What is the name of tool? I find it is interesting as it shows number of rows and venn-diagrams

@Tushar Gupta - curioustushar 2014-01-27 12:25:31

@GrijeshChauhan Datamartist :)

@Grijesh Chauhan 2014-01-27 12:27:42

@Trushar :( it is not for Linux system..

@Tushar Gupta - curioustushar 2014-01-27 12:30:38

@GrijeshChauhan Yeah But you can Try to run it using wine .

@Grijesh Chauhan 2014-01-27 12:32:59

Ohh! yes I ..I used SQLyog using wine.. there is also PlayOnLinux

@philipxy 2018-07-24 01:09:33

Your text is unclear & wrong. The "matched rows only" are rows from the cross join of A & B & what is retrieved (A inner join B) is not A intersect B but (A left join B) intersect (A right join B). The "selected" rows are not from A & B, they are from A cross join B & from null-extended values of rows from A & B.

@vidyadhar 2013-01-12 11:07:41

In simple words:

An inner join retrieve the matched rows only.

Whereas an outer join retrieve the matched rows from one table and all rows in other table ....the result depends on which one you are using:

  • Left: Matched rows in the right table and all rows in the left table

  • Right: Matched rows in the left table and all rows in the right table or

  • Full: All rows in all tables. It doesn't matter if there is a match or not

@philipxy 2015-11-29 01:17:46

@nomen Not that this answer addresses it, but INNER JOIN is an intersection and FULL OUTER JOIN is the corresponding UNION if the left & right sets/circles contain the rows of (respectively) LEFT & RIGHT join. PS This answer is unclear about rows in input vs output. It confuses "in the left/right table" with "has a left/right part in the left/right" and it uses "matched row" vs "all" to mean row extended by row from other table vs by nulls.

@naga 2010-09-02 09:49:28

INNER JOIN requires there is at least a match in comparing the two tables.

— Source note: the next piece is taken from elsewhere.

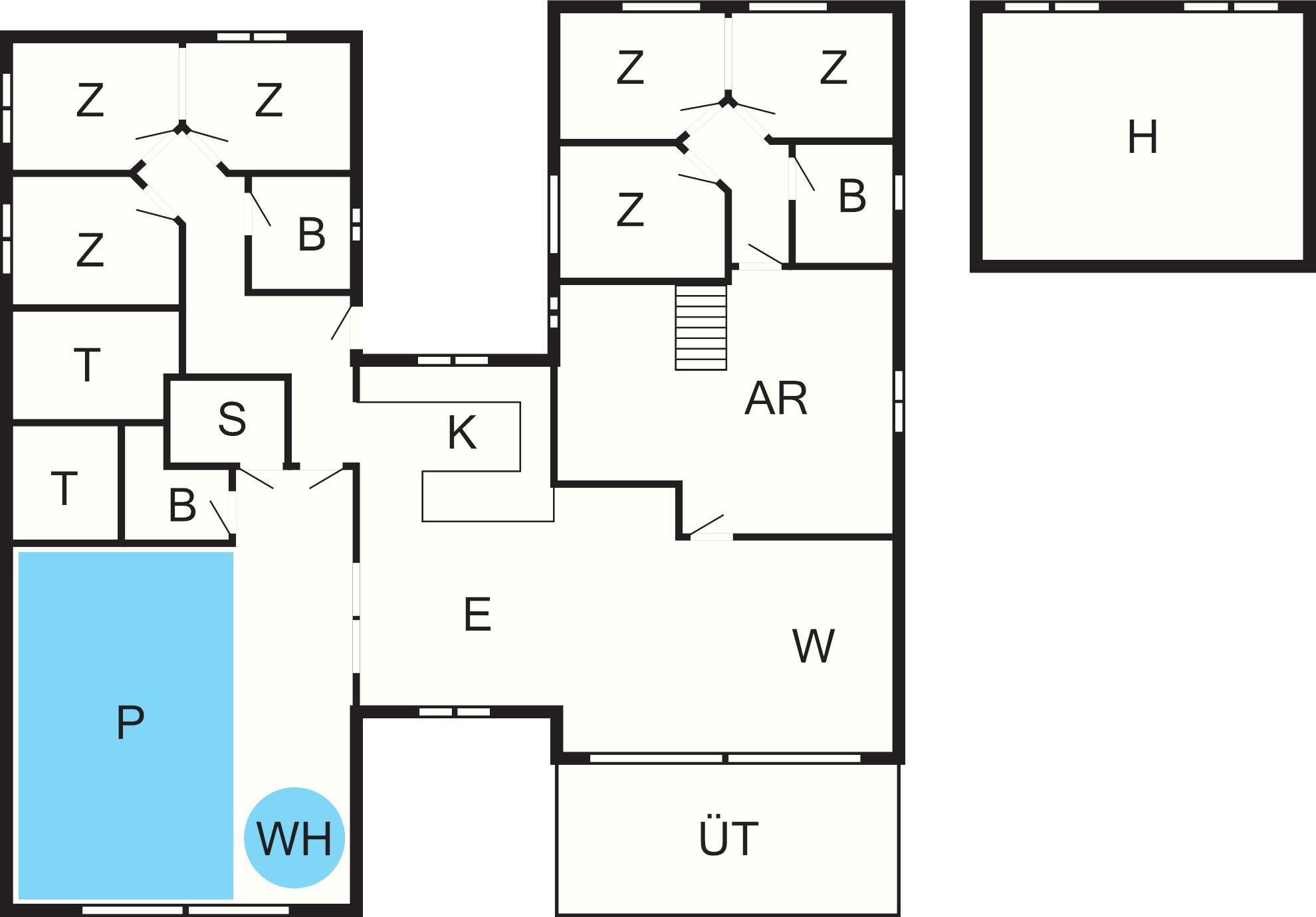 Das Haus hat einen Poolbereich mit Sauna und einem großen, eingebauten Whirlpool mit Rückenmassage, Seitenmassage und Handbrause. Der Ess-/Aufenthaltsbereich wurde ansprechend mit Flachbild-TV, PlayStation, Sofaecke und Holzofen eingerichtet. Auf der anderen Seite des zentral gelegenen Ess-/Aufenthaltsbereich gelangen Sie in den Aktivitätsraum, wo man Dart, Poolbillard oder Tischtennis spielen kann. Sowohl der Pool- als auch der Aktivitätsraum sind ein guter Sammelpunkt für die ganze Familie.

For example, table A and table B which implies A ٨ B (A intersection B).

LEFT OUTER JOIN and LEFT JOIN are the same. It gives all the records matching in both tables and all possibilities of the left table.

Similarly, RIGHT OUTER JOIN and RIGHT JOIN are the same. It gives all the records matching in both tables and all possibilities of the right table.

FULL JOIN is the combination of LEFT OUTER JOIN and RIGHT OUTER JOIN without duplication.